/GPU-Task-Manager

A simple GPU task manager that can automatically run user-defined tasks on available GPUs.

Primary LanguagePython

GPU Task Manager

A simple GPU task manager that can automatically run user-defined tasks on available GPUs.

Updates

  • [2021.11.20] A whole new design which includes background server and user-friendly client.

TODO

  • restore unfinised tasks when started
  • installable service
  • show server state

Dependencies

Usages

GPU-Task-Manager includes server and client. The server manages reading and running tasks. The client supports: display task state, submit new tasks, delete tasks and modify the priority of tasks.

Configuration

  • config.py
DELAY = 60
LOG_PATH = ""
  • It is recommended to configure alias in your .bashrc. Assuming that you have downloaded this repo in to root.
alias gpu-task-server='bash root/GPU-Task-Mananer/main.sh'
alias gpu-task-client='python root/GPU-Task-Manager/client.py'

Server

Suppose that alias has been configured , then you can start, stop, and restart server by:

gpu-task-serer [start|stop|restart]

You can also check thet running state of server by

gpu-task-server show

In case that the server is unexpectedly down, you can periodically start server by crontab. Note that if server is running, the start command does nothing but print messages of the running server.

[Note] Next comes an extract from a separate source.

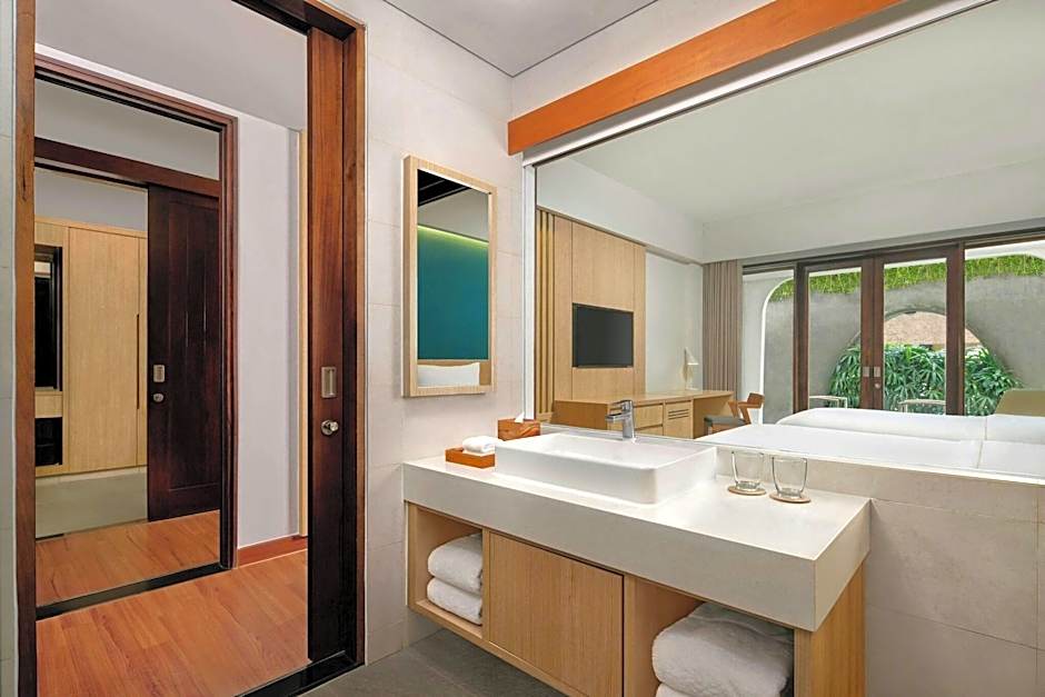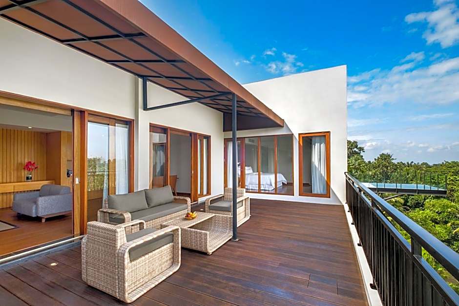 Punyan Suite Room, 1 Bedroom Suite, 1 King, Garden view, Balcony with Free Mini Bar, Daily Shuttle to Monkey Forest, Daily Yoga, Free Bike to borrow,  Free Family Activity and 24 Hour access to Motion Fitness Center in Element Bali Ubud

0 * * * * bash /path/to/GPU-Task-Manager/main.sh start

Also, you should source the python virtual env in main.sh if you are using conda.

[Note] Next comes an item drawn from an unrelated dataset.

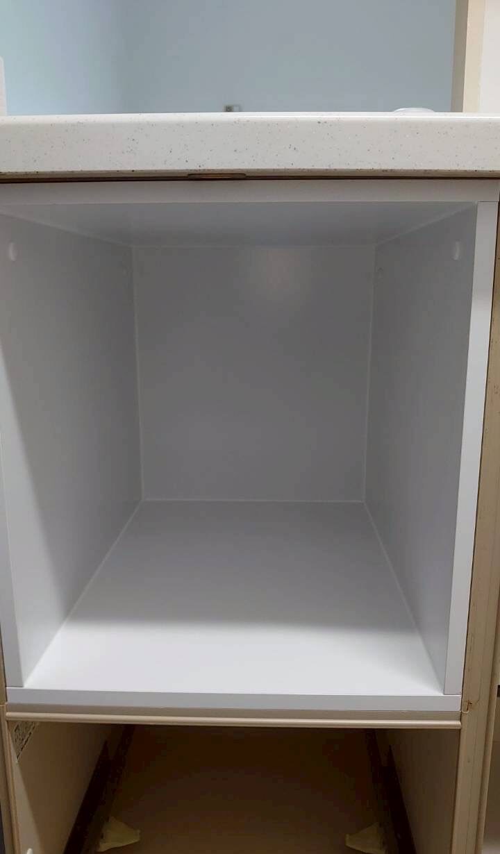 最近は食洗機を撤去した部分に箱を造作することが多いのです。

source ~/miniconda3/etc/profile.d/conda.sh
conda activate XXX

Client

  • show task state
gpu-task-client
  • show first n tasks
gpu-task-client -m n
  • show task state every 3 seconds
gpu-task-client -l 3
gpu-task-client --loop 3
  • show task by state
gpu-task-client -s running
  • submit task from command line
    • -c --command: task command
    • -n --num-gpus: number of gpus required, default 1
    • -e --exclude-gpus: exclude gpus
gpu-task-client -c bash train.sh
gpu-task-client -c bash train.sh -n 1
gpu-task-client -c bash train.sh -n 4
gpu-task-client --command bash train.sh --num-gpus 4
gpu-task-client --command bash train.sh --num-gpus 4 -e 0 1 2 3
  • submit task from file
    • --file-path: task file path
    • -e --exclude-gpus: exclude gpus for all tasks in task file
    • task file definition (default num_gpus=1)
    command(;num_gpus)
    echo Hi;
    echo Hi;4
    ...
    
  • delete task
    • -d --delete: delete task by task id
gpu-task-client -d 1
  • update task priority
    • -p --update-priority: set new task priority by task id
gpu-task-client -p 1 10

It will set the priority of task with ID 1 to 10. This feature is useful when you need to change the execution order of task. Note that smaller value (>0) means higher priority.